[Dataset items]

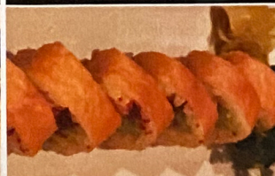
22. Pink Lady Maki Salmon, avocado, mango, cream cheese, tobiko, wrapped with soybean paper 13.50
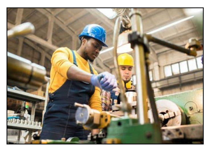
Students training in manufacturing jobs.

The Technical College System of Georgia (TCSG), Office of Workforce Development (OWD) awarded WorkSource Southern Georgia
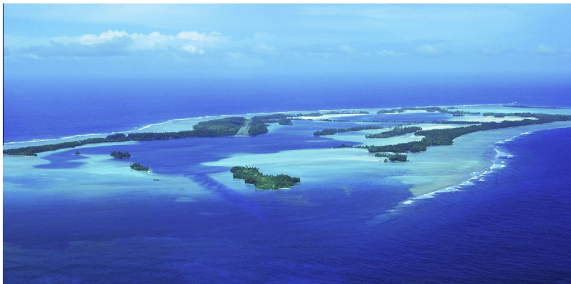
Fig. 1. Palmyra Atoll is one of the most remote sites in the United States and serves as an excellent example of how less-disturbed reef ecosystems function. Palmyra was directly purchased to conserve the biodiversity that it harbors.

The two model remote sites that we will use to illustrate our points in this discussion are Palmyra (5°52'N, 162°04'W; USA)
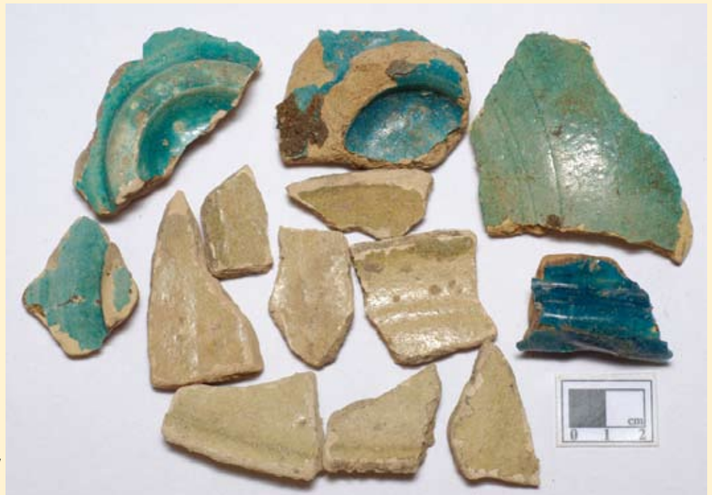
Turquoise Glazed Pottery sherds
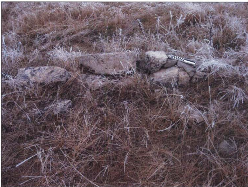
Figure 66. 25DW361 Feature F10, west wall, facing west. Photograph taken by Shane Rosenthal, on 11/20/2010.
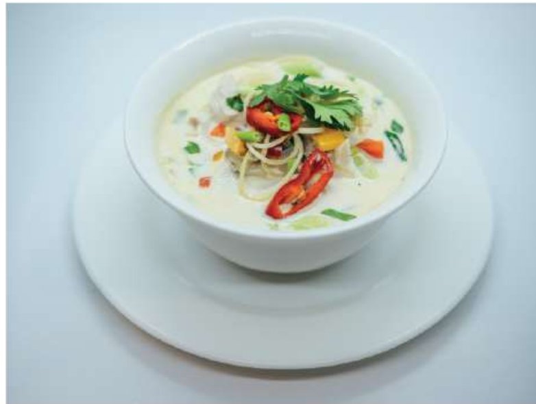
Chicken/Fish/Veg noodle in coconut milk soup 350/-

Activity
Only the pictures may be dropped; print every record exactly as given.

Result of this task
22. Pink Lady Maki Salmon, avocado, mango, cream cheese, tobiko, wrapped with soybean paper 13.50
Students training in manufacturing jobs.

The Technical College System of Georgia (TCSG), Office of Workforce Development (OWD) awarded WorkSource Southern Georgia
Fig. 1. Palmyra Atoll is one of the most remote sites in the United States and serves as an excellent example of how less-disturbed reef ecosystems function. Palmyra was directly purchased to conserve the biodiversity that it harbors.

The two model remote sites that we will use to illustrate our points in this discussion are Palmyra (5°52'N, 162°04'W; USA)
Turquoise Glazed Pottery sherds
Figure 66. 25DW361 Feature F10, west wall, facing west. Photograph taken by Shane Rosenthal, on 11/20/2010.
Chicken/Fish/Veg noodle in coconut milk soup 350/-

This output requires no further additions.